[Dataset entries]
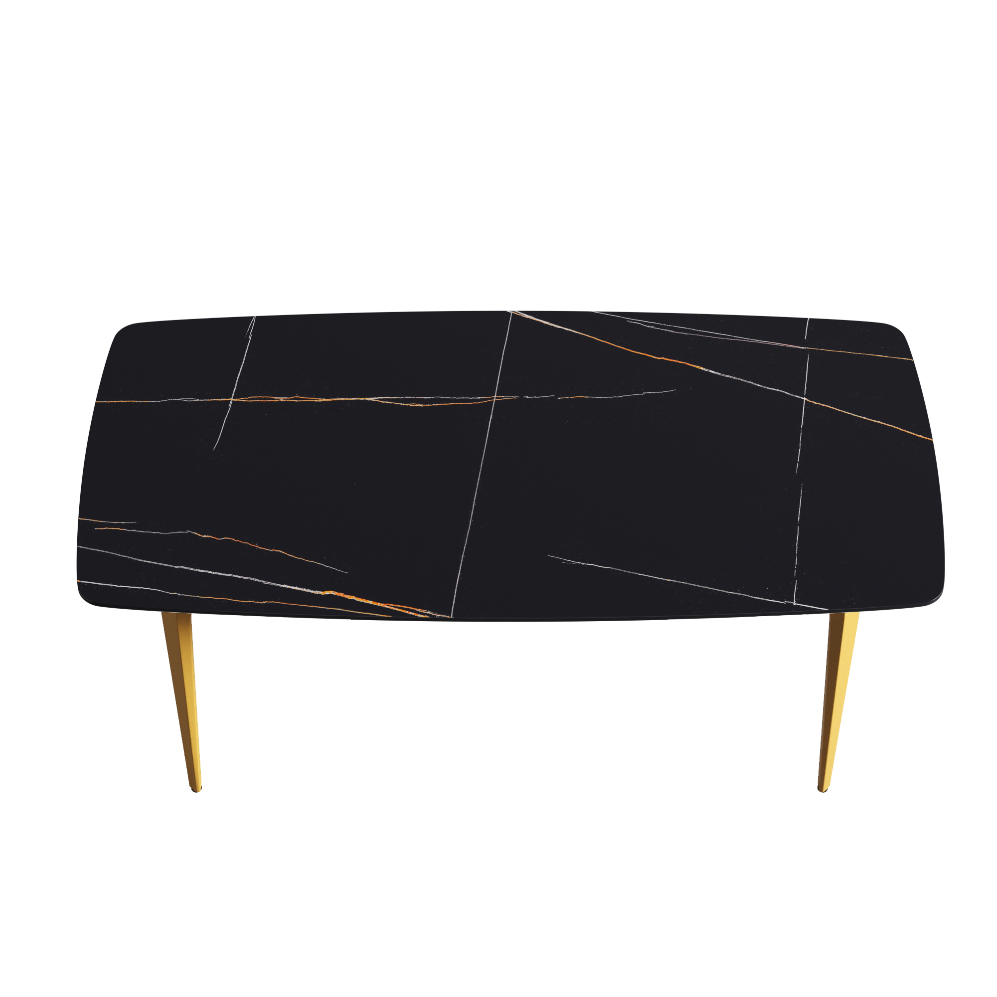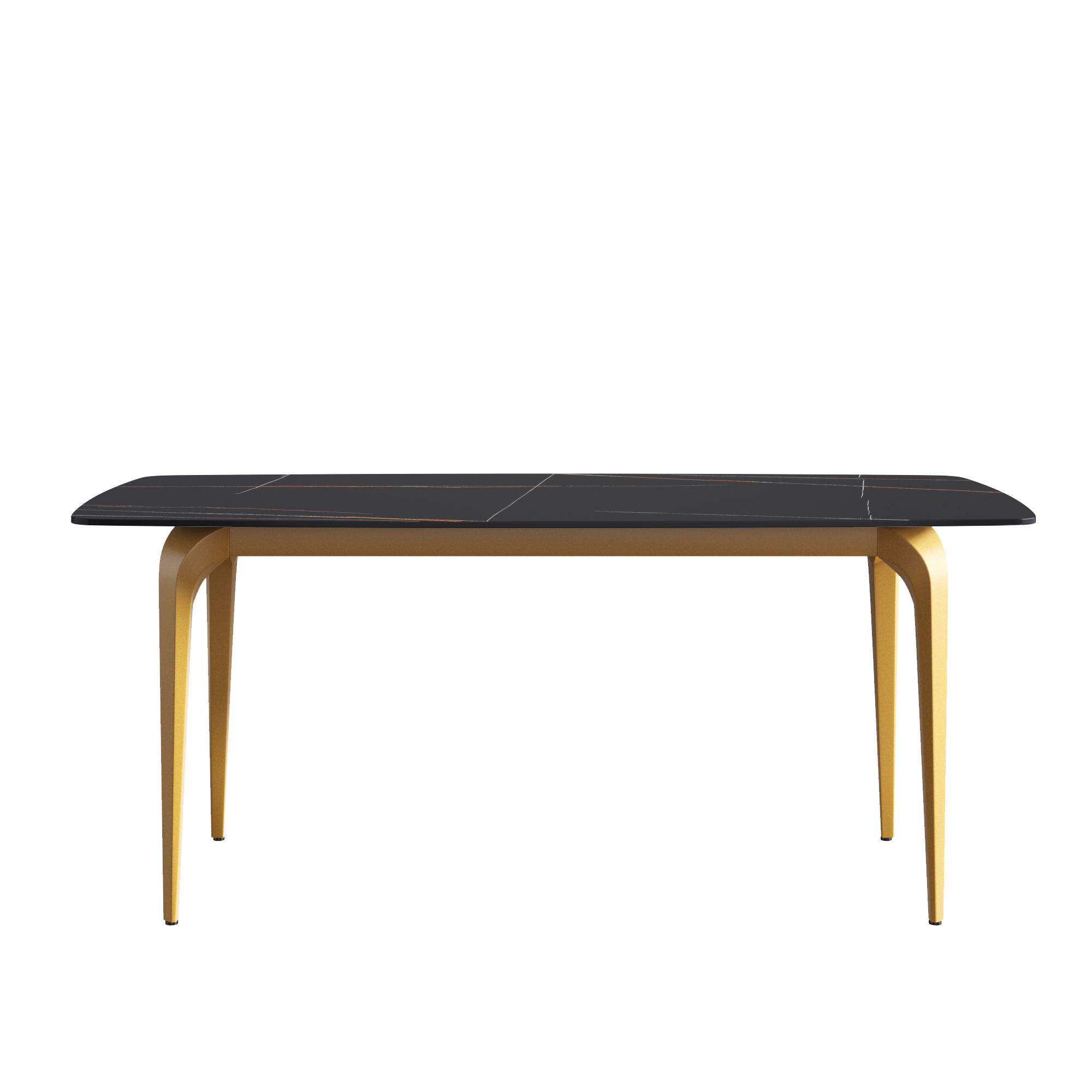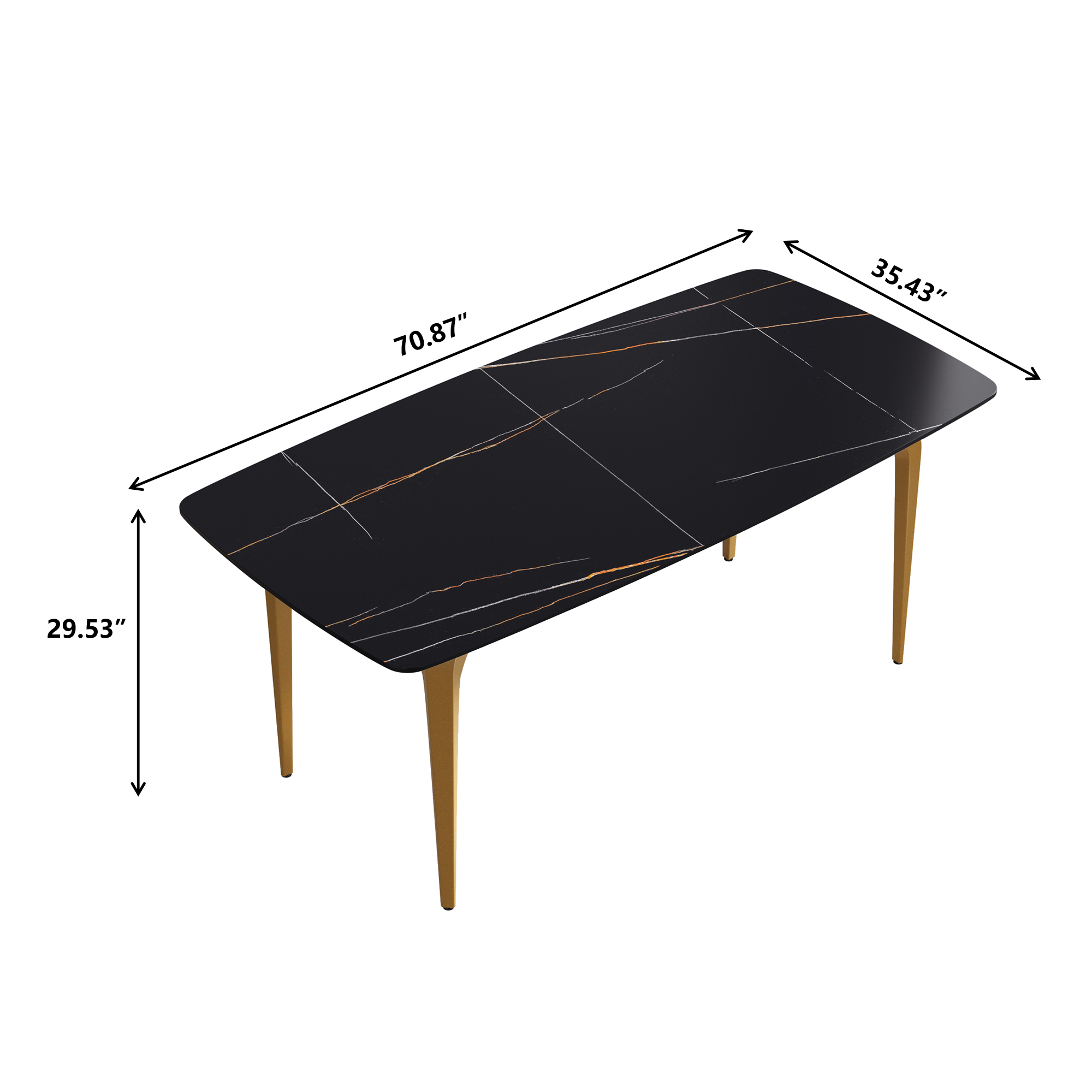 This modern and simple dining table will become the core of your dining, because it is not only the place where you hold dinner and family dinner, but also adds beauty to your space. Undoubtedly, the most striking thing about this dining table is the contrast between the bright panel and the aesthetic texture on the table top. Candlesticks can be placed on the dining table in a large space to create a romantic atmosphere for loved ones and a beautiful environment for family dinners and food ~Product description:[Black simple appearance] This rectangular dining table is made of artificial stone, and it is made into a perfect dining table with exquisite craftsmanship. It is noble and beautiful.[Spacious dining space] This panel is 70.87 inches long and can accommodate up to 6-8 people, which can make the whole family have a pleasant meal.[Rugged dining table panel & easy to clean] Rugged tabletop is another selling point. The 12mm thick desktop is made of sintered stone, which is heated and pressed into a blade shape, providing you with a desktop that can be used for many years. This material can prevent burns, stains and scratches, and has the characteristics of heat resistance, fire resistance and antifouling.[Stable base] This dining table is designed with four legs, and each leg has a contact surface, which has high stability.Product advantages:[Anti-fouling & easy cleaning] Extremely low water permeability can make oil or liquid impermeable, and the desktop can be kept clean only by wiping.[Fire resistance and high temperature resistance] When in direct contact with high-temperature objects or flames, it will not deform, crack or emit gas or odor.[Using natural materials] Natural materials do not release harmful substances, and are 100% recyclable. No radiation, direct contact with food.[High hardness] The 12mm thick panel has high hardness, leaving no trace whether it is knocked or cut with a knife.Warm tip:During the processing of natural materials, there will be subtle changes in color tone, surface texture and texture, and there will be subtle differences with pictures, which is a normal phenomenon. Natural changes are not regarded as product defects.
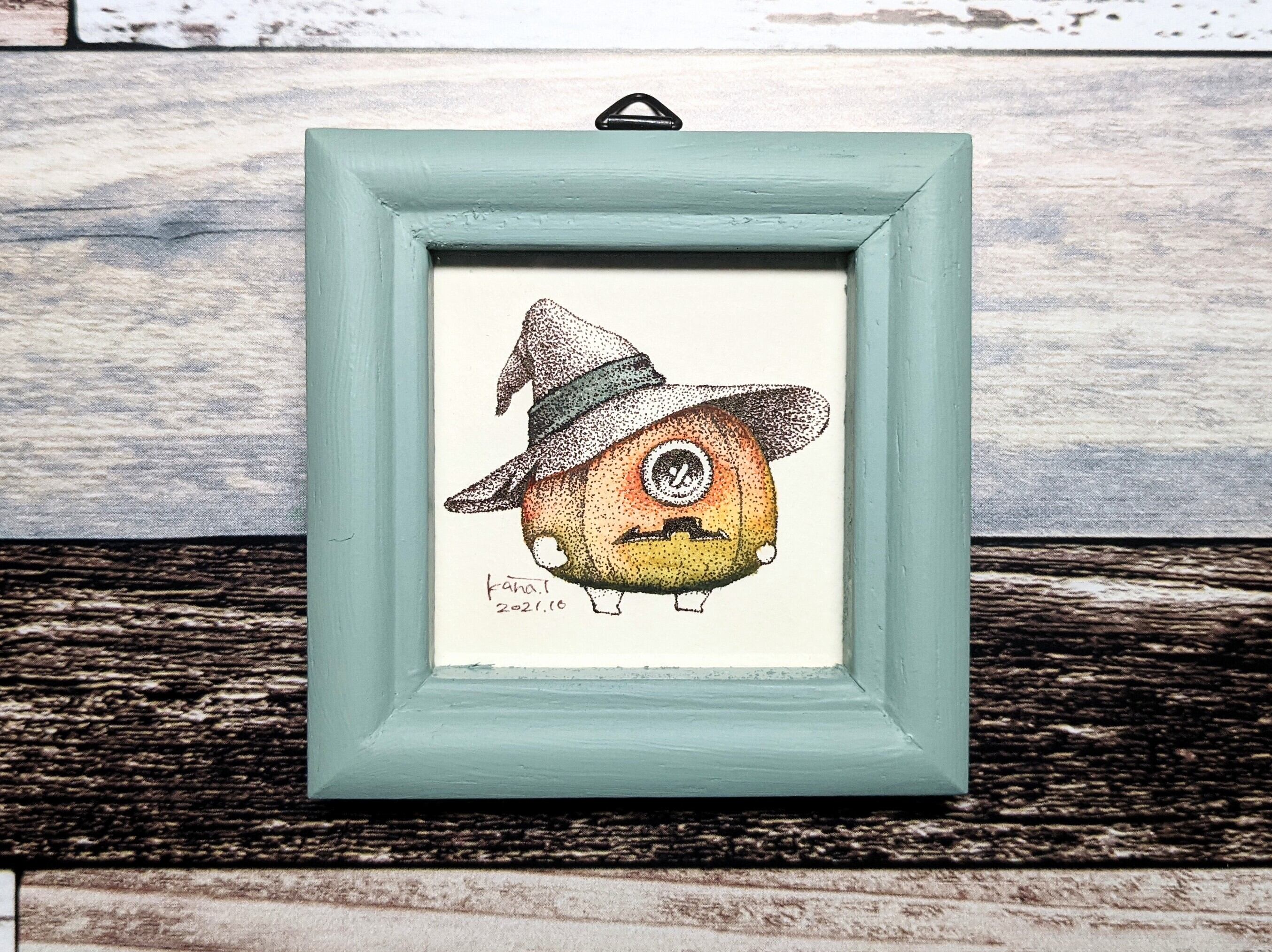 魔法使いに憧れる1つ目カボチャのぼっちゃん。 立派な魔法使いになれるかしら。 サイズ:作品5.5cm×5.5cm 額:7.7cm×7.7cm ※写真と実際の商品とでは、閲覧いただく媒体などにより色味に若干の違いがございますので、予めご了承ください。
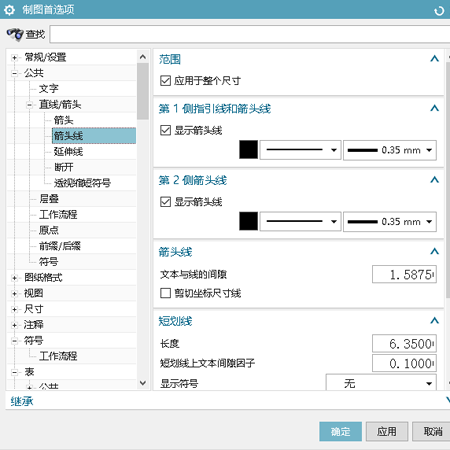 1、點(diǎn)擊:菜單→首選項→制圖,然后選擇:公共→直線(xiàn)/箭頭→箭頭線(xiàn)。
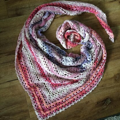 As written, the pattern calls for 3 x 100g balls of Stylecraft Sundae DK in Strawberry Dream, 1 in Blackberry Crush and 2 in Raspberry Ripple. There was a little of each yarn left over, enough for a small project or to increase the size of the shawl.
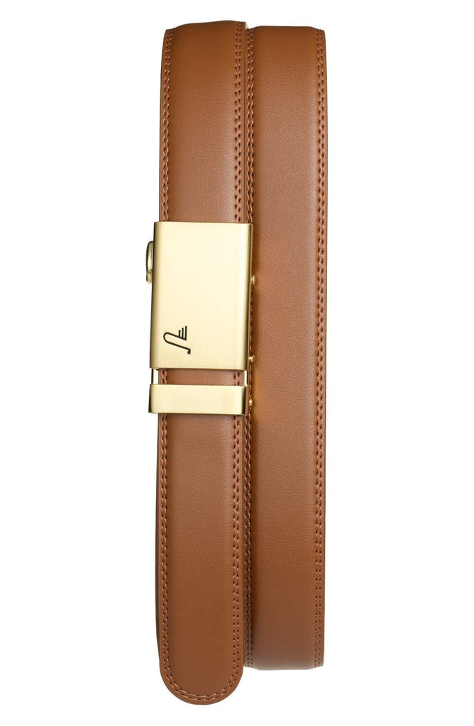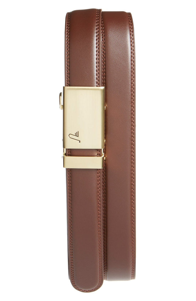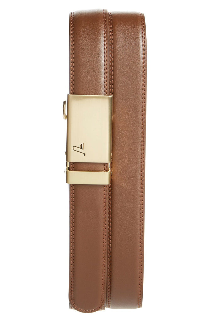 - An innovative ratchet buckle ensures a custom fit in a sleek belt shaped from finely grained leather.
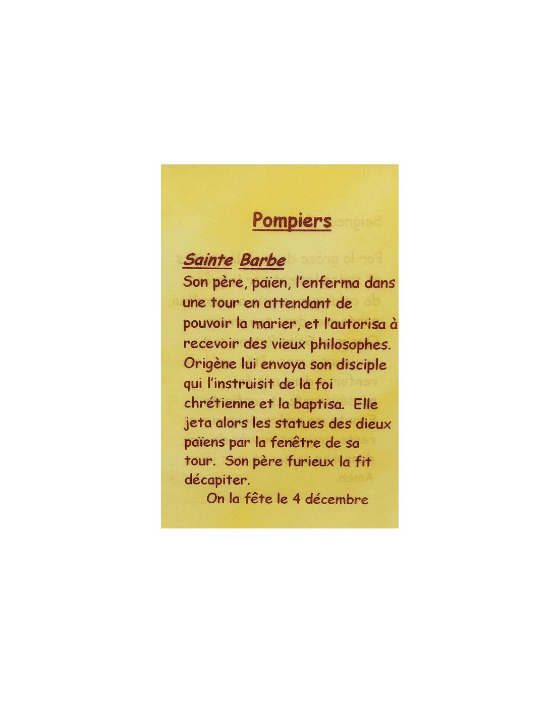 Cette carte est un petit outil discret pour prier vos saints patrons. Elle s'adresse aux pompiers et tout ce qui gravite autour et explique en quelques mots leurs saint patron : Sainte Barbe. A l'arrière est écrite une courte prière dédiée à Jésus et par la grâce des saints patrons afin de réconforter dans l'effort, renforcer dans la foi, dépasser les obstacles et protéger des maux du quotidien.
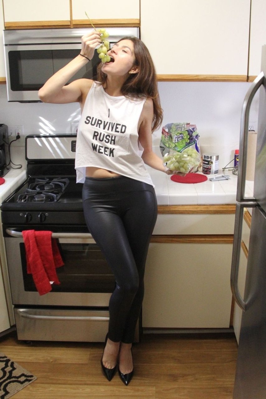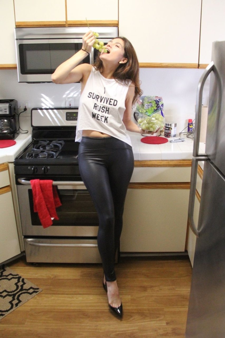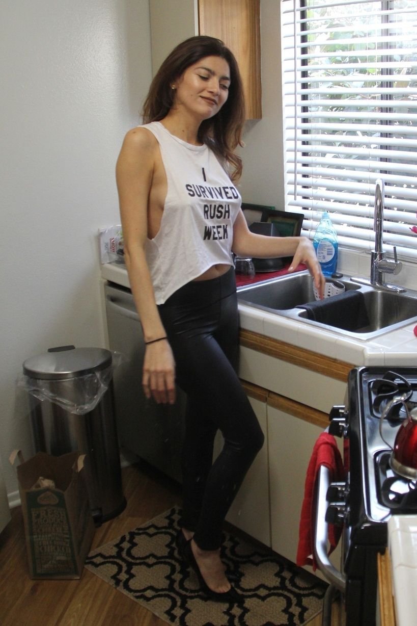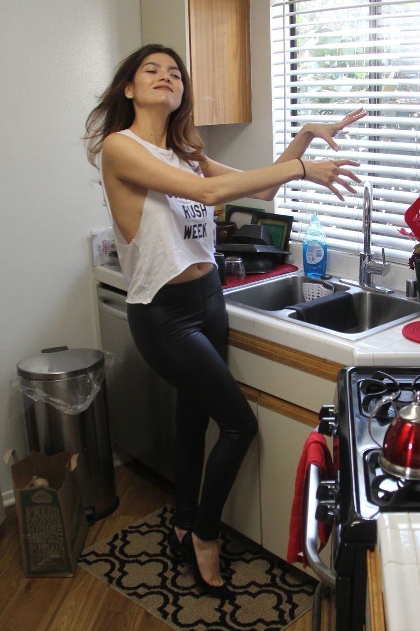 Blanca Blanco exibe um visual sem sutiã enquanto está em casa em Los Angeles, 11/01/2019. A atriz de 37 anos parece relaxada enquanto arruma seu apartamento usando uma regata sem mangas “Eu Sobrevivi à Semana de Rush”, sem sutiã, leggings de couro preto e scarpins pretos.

▸ What is required
Starting at the line above that holds "魔法使いに憧れる1つ目カボチャのぼっちゃん。 立派な魔法使いになれるかしら。 サイズ:作品5.5cm×5.5cm", return each line up to and including the one that holds "- An innovative", exactly as written, minus any pictures.

▸ Written response
 魔法使いに憧れる1つ目カボチャのぼっちゃん。 立派な魔法使いになれるかしら。 サイズ:作品5.5cm×5.5cm 額:7.7cm×7.7cm ※写真と実際の商品とでは、閲覧いただく媒体などにより色味に若干の違いがございますので、予めご了承ください。
 1、點(diǎn)擊:菜單→首選項→制圖,然后選擇:公共→直線(xiàn)/箭頭→箭頭線(xiàn)。
 As written, the pattern calls for 3 x 100g balls of Stylecraft Sundae DK in Strawberry Dream, 1 in Blackberry Crush and 2 in Raspberry Ripple. There was a little of each yarn left over, enough for a small project or to increase the size of the shawl.
 - An innovative ratchet buckle ensures a custom fit in a sleek belt shaped from finely grained leather.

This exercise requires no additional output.